◆ Work order
Give back every entry below, exactly as written.

◆ Data shown
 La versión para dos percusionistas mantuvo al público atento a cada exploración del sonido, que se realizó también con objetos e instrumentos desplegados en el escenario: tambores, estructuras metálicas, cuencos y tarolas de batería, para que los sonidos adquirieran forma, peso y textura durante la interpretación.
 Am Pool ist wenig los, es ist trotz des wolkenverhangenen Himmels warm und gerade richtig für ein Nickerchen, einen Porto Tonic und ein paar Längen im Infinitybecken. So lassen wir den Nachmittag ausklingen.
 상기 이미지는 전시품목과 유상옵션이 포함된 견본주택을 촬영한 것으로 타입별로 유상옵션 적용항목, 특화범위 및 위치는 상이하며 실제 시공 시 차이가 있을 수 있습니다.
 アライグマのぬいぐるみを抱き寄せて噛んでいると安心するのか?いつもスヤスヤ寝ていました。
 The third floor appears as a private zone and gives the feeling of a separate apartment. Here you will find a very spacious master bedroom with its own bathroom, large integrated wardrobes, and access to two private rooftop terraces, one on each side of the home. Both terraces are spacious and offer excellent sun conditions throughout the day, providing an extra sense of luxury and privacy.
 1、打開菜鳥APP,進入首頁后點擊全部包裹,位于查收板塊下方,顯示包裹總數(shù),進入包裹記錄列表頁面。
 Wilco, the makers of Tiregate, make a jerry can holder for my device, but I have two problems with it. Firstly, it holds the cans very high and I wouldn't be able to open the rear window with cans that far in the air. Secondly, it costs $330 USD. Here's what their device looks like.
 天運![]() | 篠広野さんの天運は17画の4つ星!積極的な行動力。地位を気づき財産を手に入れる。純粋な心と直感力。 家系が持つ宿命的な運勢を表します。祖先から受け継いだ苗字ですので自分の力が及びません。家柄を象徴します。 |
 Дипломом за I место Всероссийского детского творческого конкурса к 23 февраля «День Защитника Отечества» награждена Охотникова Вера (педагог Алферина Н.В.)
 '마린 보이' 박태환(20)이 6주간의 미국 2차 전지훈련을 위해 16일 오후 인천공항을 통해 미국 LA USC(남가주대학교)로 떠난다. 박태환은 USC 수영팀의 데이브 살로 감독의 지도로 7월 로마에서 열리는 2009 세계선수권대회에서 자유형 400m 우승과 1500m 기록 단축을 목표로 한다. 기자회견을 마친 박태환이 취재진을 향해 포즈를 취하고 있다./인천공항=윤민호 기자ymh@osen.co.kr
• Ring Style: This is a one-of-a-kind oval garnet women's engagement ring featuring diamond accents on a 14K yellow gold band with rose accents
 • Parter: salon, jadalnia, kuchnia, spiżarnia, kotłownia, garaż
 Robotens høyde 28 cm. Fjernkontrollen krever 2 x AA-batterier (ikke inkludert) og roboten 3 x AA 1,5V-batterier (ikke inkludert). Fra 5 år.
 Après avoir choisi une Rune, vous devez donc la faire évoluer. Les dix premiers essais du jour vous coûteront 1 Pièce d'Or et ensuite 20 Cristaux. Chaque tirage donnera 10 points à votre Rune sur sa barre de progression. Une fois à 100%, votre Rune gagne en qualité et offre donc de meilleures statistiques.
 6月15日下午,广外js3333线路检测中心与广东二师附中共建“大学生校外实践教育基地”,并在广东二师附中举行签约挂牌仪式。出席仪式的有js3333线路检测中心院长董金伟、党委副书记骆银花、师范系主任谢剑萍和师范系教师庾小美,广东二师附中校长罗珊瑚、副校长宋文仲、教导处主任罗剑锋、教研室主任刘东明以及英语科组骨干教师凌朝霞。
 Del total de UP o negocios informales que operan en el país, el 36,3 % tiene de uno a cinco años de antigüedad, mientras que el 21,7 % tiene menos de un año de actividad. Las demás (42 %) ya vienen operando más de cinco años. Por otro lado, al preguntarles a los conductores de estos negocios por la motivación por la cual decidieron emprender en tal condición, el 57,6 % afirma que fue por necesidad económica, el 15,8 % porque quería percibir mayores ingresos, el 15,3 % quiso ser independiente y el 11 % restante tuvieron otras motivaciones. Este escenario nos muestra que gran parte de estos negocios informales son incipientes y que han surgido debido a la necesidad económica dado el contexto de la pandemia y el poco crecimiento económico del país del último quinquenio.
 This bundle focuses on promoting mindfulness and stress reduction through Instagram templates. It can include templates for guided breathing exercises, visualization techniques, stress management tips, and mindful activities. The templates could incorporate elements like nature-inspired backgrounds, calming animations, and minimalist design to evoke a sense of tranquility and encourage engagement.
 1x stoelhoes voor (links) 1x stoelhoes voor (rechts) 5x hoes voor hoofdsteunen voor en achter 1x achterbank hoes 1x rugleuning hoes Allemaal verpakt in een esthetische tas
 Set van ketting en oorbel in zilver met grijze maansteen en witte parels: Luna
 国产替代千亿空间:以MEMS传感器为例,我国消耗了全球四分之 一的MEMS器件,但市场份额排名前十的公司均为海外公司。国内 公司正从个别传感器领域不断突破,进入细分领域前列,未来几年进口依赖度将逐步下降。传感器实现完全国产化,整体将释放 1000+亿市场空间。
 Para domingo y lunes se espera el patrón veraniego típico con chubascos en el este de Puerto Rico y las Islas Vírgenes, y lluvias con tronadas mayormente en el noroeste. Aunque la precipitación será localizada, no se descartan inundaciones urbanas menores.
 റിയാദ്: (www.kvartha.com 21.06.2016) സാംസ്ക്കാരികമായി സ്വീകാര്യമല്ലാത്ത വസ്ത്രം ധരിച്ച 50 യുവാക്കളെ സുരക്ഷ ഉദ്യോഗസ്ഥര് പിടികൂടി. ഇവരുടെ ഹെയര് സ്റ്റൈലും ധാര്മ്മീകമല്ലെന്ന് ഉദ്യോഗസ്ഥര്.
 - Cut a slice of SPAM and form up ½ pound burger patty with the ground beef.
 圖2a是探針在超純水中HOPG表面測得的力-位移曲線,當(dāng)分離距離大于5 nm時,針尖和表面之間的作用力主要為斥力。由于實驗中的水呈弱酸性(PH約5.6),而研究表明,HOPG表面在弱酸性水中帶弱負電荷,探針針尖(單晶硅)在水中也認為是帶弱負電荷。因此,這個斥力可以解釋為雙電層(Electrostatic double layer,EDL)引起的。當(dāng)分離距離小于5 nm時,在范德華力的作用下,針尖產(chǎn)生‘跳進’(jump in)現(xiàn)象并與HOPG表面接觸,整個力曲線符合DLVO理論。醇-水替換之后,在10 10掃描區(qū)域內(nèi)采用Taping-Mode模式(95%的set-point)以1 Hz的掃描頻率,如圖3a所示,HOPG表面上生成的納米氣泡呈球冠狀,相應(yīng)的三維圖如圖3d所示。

◆ Written solution
 La versión para dos percusionistas mantuvo al público atento a cada exploración del sonido, que se realizó también con objetos e instrumentos desplegados en el escenario: tambores, estructuras metálicas, cuencos y tarolas de batería, para que los sonidos adquirieran forma, peso y textura durante la interpretación.
 Am Pool ist wenig los, es ist trotz des wolkenverhangenen Himmels warm und gerade richtig für ein Nickerchen, einen Porto Tonic und ein paar Längen im Infinitybecken. So lassen wir den Nachmittag ausklingen.
 상기 이미지는 전시품목과 유상옵션이 포함된 견본주택을 촬영한 것으로 타입별로 유상옵션 적용항목, 특화범위 및 위치는 상이하며 실제 시공 시 차이가 있을 수 있습니다.
 アライグマのぬいぐるみを抱き寄せて噛んでいると安心するのか?いつもスヤスヤ寝ていました。
 The third floor appears as a private zone and gives the feeling of a separate apartment. Here you will find a very spacious master bedroom with its own bathroom, large integrated wardrobes, and access to two private rooftop terraces, one on each side of the home. Both terraces are spacious and offer excellent sun conditions throughout the day, providing an extra sense of luxury and privacy.
 1、打開菜鳥APP,進入首頁后點擊全部包裹,位于查收板塊下方,顯示包裹總數(shù),進入包裹記錄列表頁面。
 Wilco, the makers of Tiregate, make a jerry can holder for my device, but I have two problems with it. Firstly, it holds the cans very high and I wouldn't be able to open the rear window with cans that far in the air. Secondly, it costs $330 USD. Here's what their device looks like.
 天運![]() | 篠広野さんの天運は17画の4つ星!積極的な行動力。地位を気づき財産を手に入れる。純粋な心と直感力。 家系が持つ宿命的な運勢を表します。祖先から受け継いだ苗字ですので自分の力が及びません。家柄を象徴します。 |
 Дипломом за I место Всероссийского детского творческого конкурса к 23 февраля «День Защитника Отечества» награждена Охотникова Вера (педагог Алферина Н.В.)
 '마린 보이' 박태환(20)이 6주간의 미국 2차 전지훈련을 위해 16일 오후 인천공항을 통해 미국 LA USC(남가주대학교)로 떠난다. 박태환은 USC 수영팀의 데이브 살로 감독의 지도로 7월 로마에서 열리는 2009 세계선수권대회에서 자유형 400m 우승과 1500m 기록 단축을 목표로 한다. 기자회견을 마친 박태환이 취재진을 향해 포즈를 취하고 있다./인천공항=윤민호 기자ymh@osen.co.kr
• Ring Style: This is a one-of-a-kind oval garnet women's engagement ring featuring diamond accents on a 14K yellow gold band with rose accents
 • Parter: salon, jadalnia, kuchnia, spiżarnia, kotłownia, garaż
 Robotens høyde 28 cm. Fjernkontrollen krever 2 x AA-batterier (ikke inkludert) og roboten 3 x AA 1,5V-batterier (ikke inkludert). Fra 5 år.
 Après avoir choisi une Rune, vous devez donc la faire évoluer. Les dix premiers essais du jour vous coûteront 1 Pièce d'Or et ensuite 20 Cristaux. Chaque tirage donnera 10 points à votre Rune sur sa barre de progression. Une fois à 100%, votre Rune gagne en qualité et offre donc de meilleures statistiques.
 6月15日下午,广外js3333线路检测中心与广东二师附中共建“大学生校外实践教育基地”,并在广东二师附中举行签约挂牌仪式。出席仪式的有js3333线路检测中心院长董金伟、党委副书记骆银花、师范系主任谢剑萍和师范系教师庾小美,广东二师附中校长罗珊瑚、副校长宋文仲、教导处主任罗剑锋、教研室主任刘东明以及英语科组骨干教师凌朝霞。
 Del total de UP o negocios informales que operan en el país, el 36,3 % tiene de uno a cinco años de antigüedad, mientras que el 21,7 % tiene menos de un año de actividad. Las demás (42 %) ya vienen operando más de cinco años. Por otro lado, al preguntarles a los conductores de estos negocios por la motivación por la cual decidieron emprender en tal condición, el 57,6 % afirma que fue por necesidad económica, el 15,8 % porque quería percibir mayores ingresos, el 15,3 % quiso ser independiente y el 11 % restante tuvieron otras motivaciones. Este escenario nos muestra que gran parte de estos negocios informales son incipientes y que han surgido debido a la necesidad económica dado el contexto de la pandemia y el poco crecimiento económico del país del último quinquenio.
 This bundle focuses on promoting mindfulness and stress reduction through Instagram templates. It can include templates for guided breathing exercises, visualization techniques, stress management tips, and mindful activities. The templates could incorporate elements like nature-inspired backgrounds, calming animations, and minimalist design to evoke a sense of tranquility and encourage engagement.
 1x stoelhoes voor (links) 1x stoelhoes voor (rechts) 5x hoes voor hoofdsteunen voor en achter 1x achterbank hoes 1x rugleuning hoes Allemaal verpakt in een esthetische tas
 Set van ketting en oorbel in zilver met grijze maansteen en witte parels: Luna
 国产替代千亿空间:以MEMS传感器为例,我国消耗了全球四分之 一的MEMS器件,但市场份额排名前十的公司均为海外公司。国内 公司正从个别传感器领域不断突破,进入细分领域前列,未来几年进口依赖度将逐步下降。传感器实现完全国产化,整体将释放 1000+亿市场空间。
 Para domingo y lunes se espera el patrón veraniego típico con chubascos en el este de Puerto Rico y las Islas Vírgenes, y lluvias con tronadas mayormente en el noroeste. Aunque la precipitación será localizada, no se descartan inundaciones urbanas menores.
 റിയാദ്: (www.kvartha.com 21.06.2016) സാംസ്ക്കാരികമായി സ്വീകാര്യമല്ലാത്ത വസ്ത്രം ധരിച്ച 50 യുവാക്കളെ സുരക്ഷ ഉദ്യോഗസ്ഥര് പിടികൂടി. ഇവരുടെ ഹെയര് സ്റ്റൈലും ധാര്മ്മീകമല്ലെന്ന് ഉദ്യോഗസ്ഥര്.
 - Cut a slice of SPAM and form up ½ pound burger patty with the ground beef.
 圖2a是探針在超純水中HOPG表面測得的力-位移曲線,當(dāng)分離距離大于5 nm時,針尖和表面之間的作用力主要為斥力。由于實驗中的水呈弱酸性(PH約5.6),而研究表明,HOPG表面在弱酸性水中帶弱負電荷,探針針尖(單晶硅)在水中也認為是帶弱負電荷。因此,這個斥力可以解釋為雙電層(Electrostatic double layer,EDL)引起的。當(dāng)分離距離小于5 nm時,在范德華力的作用下,針尖產(chǎn)生‘跳進’(jump in)現(xiàn)象并與HOPG表面接觸,整個力曲線符合DLVO理論。醇-水替換之后,在10 10掃描區(qū)域內(nèi)采用Taping-Mode模式(95%的set-point)以1 Hz的掃描頻率,如圖3a所示,HOPG表面上生成的納米氣泡呈球冠狀,相應(yīng)的三維圖如圖3d所示。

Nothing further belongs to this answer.